**WORK ITEM**
Please give back, exactly as written, the lines from the line with "意味不明あだ名 | 『ペロリンぱるめろ』『永久保存ぱるめろ』 |" to the line with "Vintage serveerwagen Deens" in the listing below, leaving out all pictures.

**STORED DATA**
===
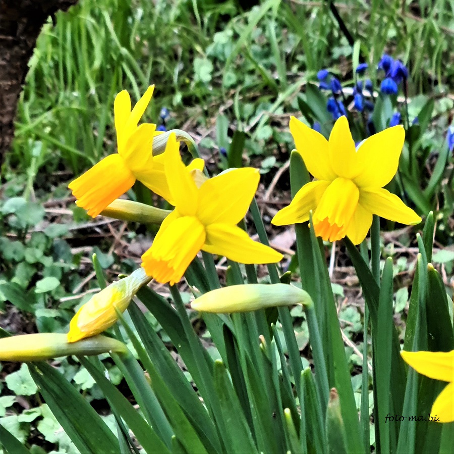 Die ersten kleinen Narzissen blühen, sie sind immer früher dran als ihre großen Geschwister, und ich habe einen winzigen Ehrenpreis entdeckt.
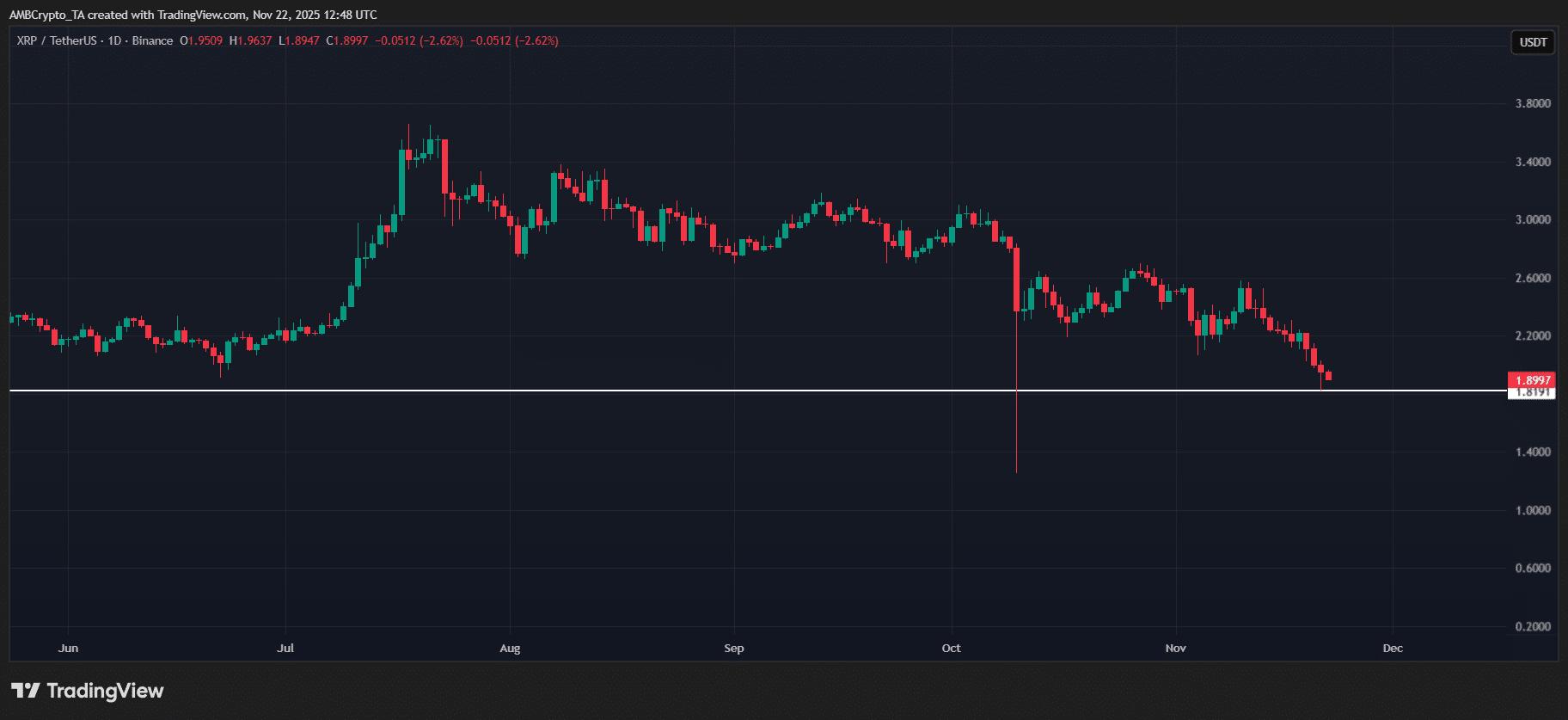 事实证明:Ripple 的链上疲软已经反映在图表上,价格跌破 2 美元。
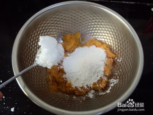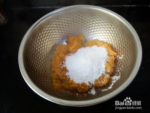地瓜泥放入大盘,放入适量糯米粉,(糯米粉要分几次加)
===
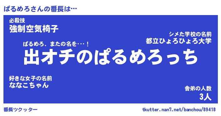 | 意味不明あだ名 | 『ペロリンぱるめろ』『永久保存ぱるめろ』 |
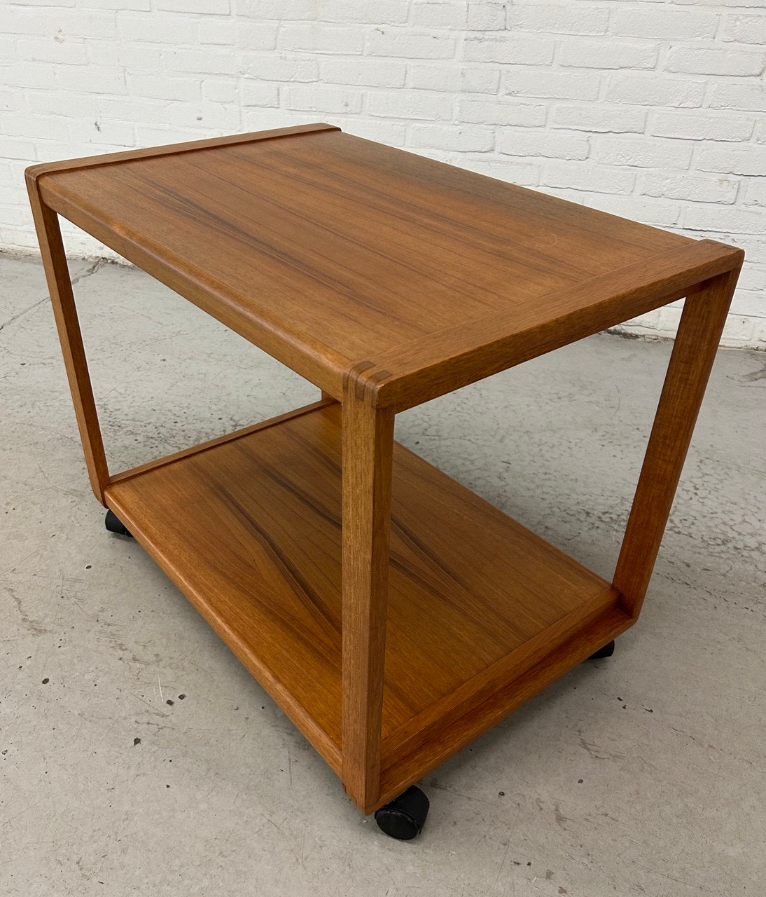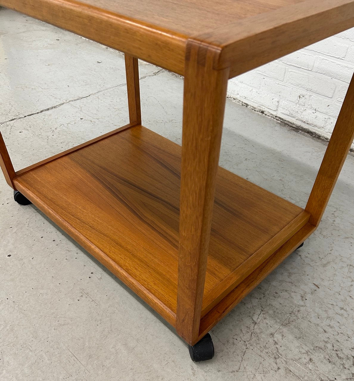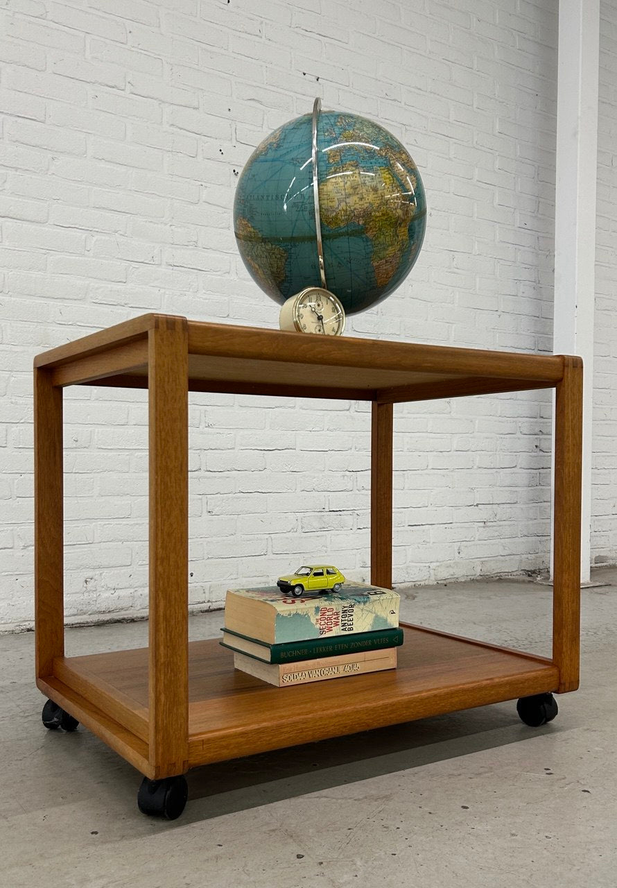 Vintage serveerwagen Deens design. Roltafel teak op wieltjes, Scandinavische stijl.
===
**ANSWER FOR THE TASK**
 | 意味不明あだ名 | 『ペロリンぱるめろ』『永久保存ぱるめろ』 |
 Vintage serveerwagen Deens design. Roltafel teak op wieltjes, Scandinavische stijl.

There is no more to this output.